What advice do you have for dermatology clinicians in counseling their patients in these situations?
As I mentioned above, it’s important for us to start the conversation with our patients. We want to take care of every aspect of their skin disease, including the emotional impact. Work with mental health professionals in your area, so you can refer patients who need their services. Many patients feel better just having someone show interest in their mental health.
When it comes to primary psychiatric diseases, I advise dermatologists to get comfortable using some psychiatric medications. For many of us, it wasn’t part of our training, but there are many medications that weren’t part of our training and we’ve learned to use. We use serious medications, like biologics, JAK inhibitors, methotrexate, etc. We have the skills to safely and appropriately prescribe medications for mood disorders. As you gain experience, your comfort level will grow. You’ll also be inspired by the positive impact for your patients. These patients often won’t see a mental health professional since they can’t understand that they don’t have a primary skin disease. That’s why it’s so important that we provide treatment. I encourage you to gain some experience with medications like doxepin, SSRIs, pimozide and olanzapine. If not, make sure you have someone who treats psychocutaneous disease to whom you can refer your patients.
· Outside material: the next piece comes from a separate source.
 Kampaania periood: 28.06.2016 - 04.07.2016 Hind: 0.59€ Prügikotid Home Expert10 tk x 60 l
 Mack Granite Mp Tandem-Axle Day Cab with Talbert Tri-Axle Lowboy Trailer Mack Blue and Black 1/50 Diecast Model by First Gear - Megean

What else should dermatology clinicians know about psychodermatology and the mind-skin connection?
I know that the encounter with a patient with psychocutaneous disease can have a bigger emotional burden on the dermatologist. Please remember that you can have an enormous impact on the quality of life for these patients. They truly need us desperately. Imagine if one of your loved ones was afflicted with one of these problems and the care you would want for them.
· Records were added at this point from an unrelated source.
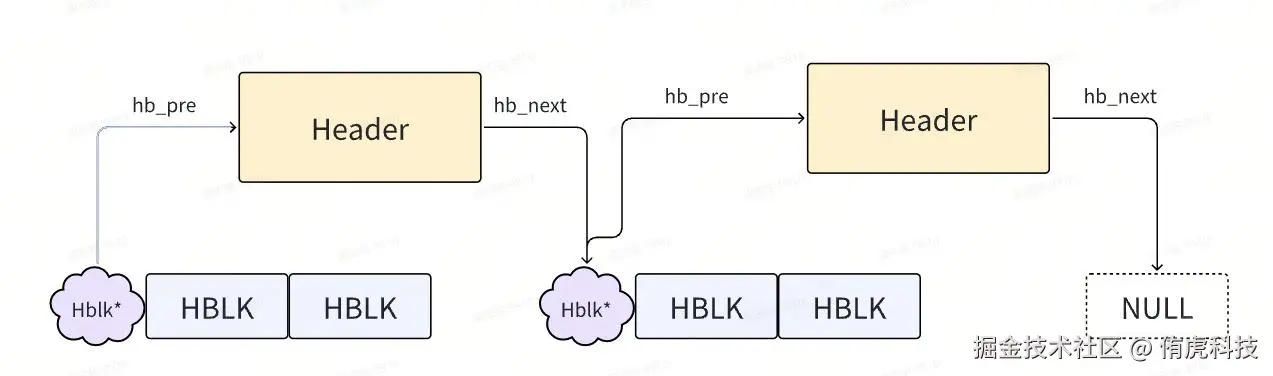 GC_add_to_heap方法将创建出来的内存块加入相应的GC_hblkfreelist链表中。同时加入一个全局的存放堆内存信息的数组中。
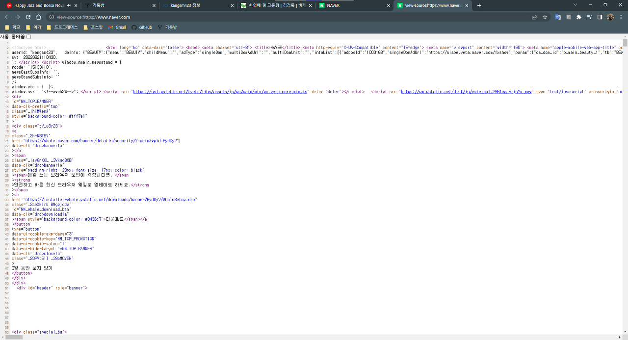 - 우클릭 → ‘페이지 소스 보기’
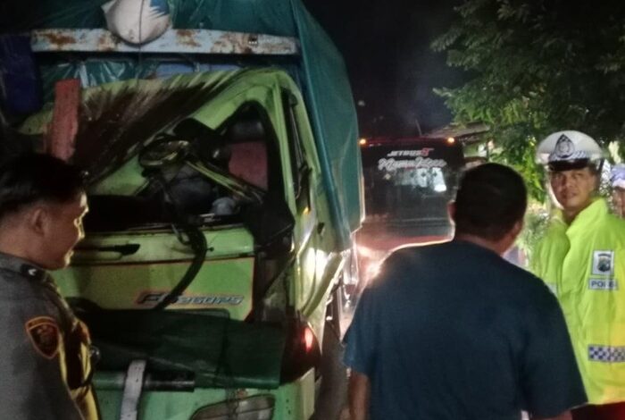Begitu sampai lokasi kejadian, truk yang dari arah timur itu tetiba oleng ke kiri atau ke arah berlawan. Lalu menyerempet truk nopol P 8029 UF yang melaju dari arah berlawanan.

If you dread these encounters, here are a few tips to help your mental health. Before entering the room, take a few deep breaths and put up your “emotional armor.” Picture a forcefield around you that will protect you. You will be able to help the patient, but nothing that happens will be able to affect your emotions. It may sound silly, but it really works. If an encounter does cause you stress, afterward take a few deep breaths to engage your parasympathetic nervous system and calm you down before the next patient. You can do this while washing your hands and picture the stress washing away. I know these encounters can put you behind in a busy clinic. Consider asking the patient to come back when you will have time to fully explore their issues and help them. Then schedule them back in a longer appointment or an appointment at the end of a clinic session when you can see them without other patients waiting.